EXERCISE DESCRIPTION
All of the data is to be written out again exactly, without the pictures.

(Dataset entries)
- Opening Delimiter -

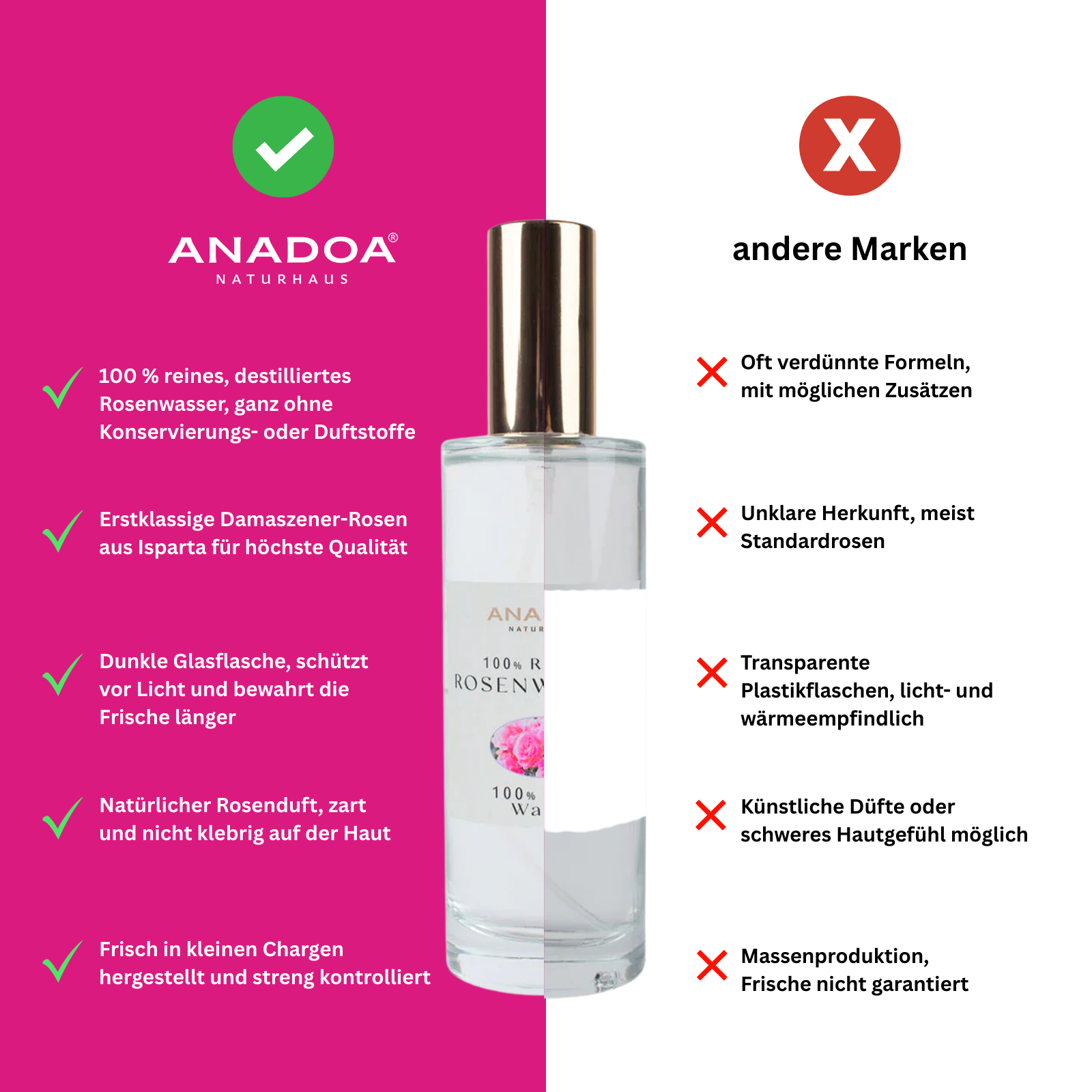 Hydrating: The moisturizing power of rose water soothes and refreshes your skin, ideal for daily use and to provide your skin with the necessary moisture.
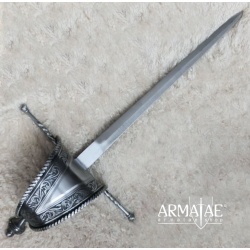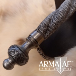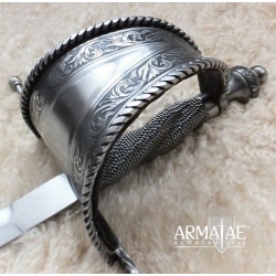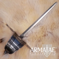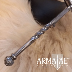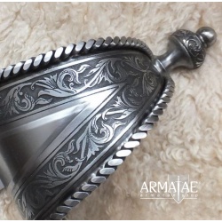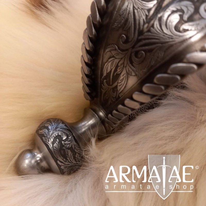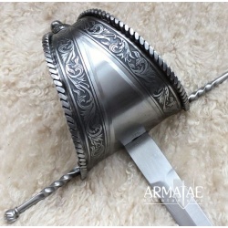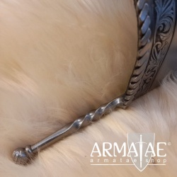 Elitär gediegen präsentiert sich dieser spanische Dolch mit den wunderschönen sowie authentischen Ätzungen am Gefäß und am Knauf. Alleine die tordierte Parierstange mit den fein geschmiedeten Abschlüssen bildet eine Augenweide für sich. Aber mit Schönheit alleine wird man auf lange Sicht nicht glücklich werden, daher wurde auch die klassische Klinge aus hochwertigem 54SiCr6 Federstahl gefertigt, welche auch härtesten Schaukämpfen über viele Jahre trotzen wird.
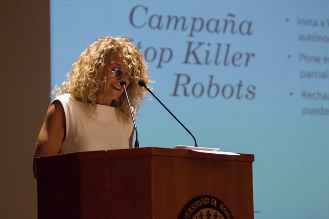 La frase la dijo como parte del Foro Stop Killer Robots, que se llevó a cabo en Utadeo el jueves 4 de abril y reunió a académicos de diferentes disciplinas, para discutir en torno a la postura que como país deberíamos tomar frente a este tipo de desarrollos tecnológicos.
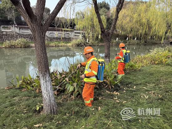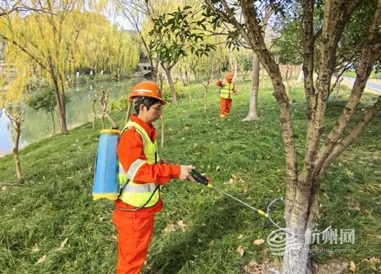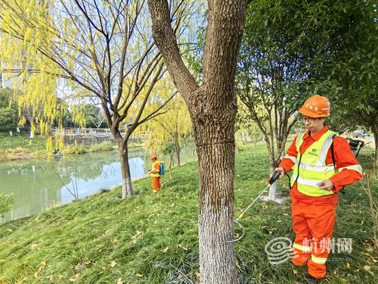 所以每年天气一转冷,备塘河养护工母贤福就会带着工具和刷白剂出门完成“刷白”工作。 母师傅的班组负责河道两岸长4.52公里的绿化区块,大概有3000多棵树,这项工作他已经做了7年了。跟往年不同,他这几天带的工具不是刷白桶和刷子,而是一个喷桶背包和圆环。
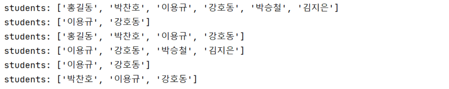 students = ['홍길동', '박찬호', '이용규', '강호동', '박승철', '김지은']

- Closing Delimiter -

RESULT
 Hydrating: The moisturizing power of rose water soothes and refreshes your skin, ideal for daily use and to provide your skin with the necessary moisture.
 Elitär gediegen präsentiert sich dieser spanische Dolch mit den wunderschönen sowie authentischen Ätzungen am Gefäß und am Knauf. Alleine die tordierte Parierstange mit den fein geschmiedeten Abschlüssen bildet eine Augenweide für sich. Aber mit Schönheit alleine wird man auf lange Sicht nicht glücklich werden, daher wurde auch die klassische Klinge aus hochwertigem 54SiCr6 Federstahl gefertigt, welche auch härtesten Schaukämpfen über viele Jahre trotzen wird.
 La frase la dijo como parte del Foro Stop Killer Robots, que se llevó a cabo en Utadeo el jueves 4 de abril y reunió a académicos de diferentes disciplinas, para discutir en torno a la postura que como país deberíamos tomar frente a este tipo de desarrollos tecnológicos.
 所以每年天气一转冷,备塘河养护工母贤福就会带着工具和刷白剂出门完成“刷白”工作。 母师傅的班组负责河道两岸长4.52公里的绿化区块,大概有3000多棵树,这项工作他已经做了7年了。跟往年不同,他这几天带的工具不是刷白桶和刷子,而是一个喷桶背包和圆环。
 students = ['홍길동', '박찬호', '이용규', '강호동', '박승철', '김지은']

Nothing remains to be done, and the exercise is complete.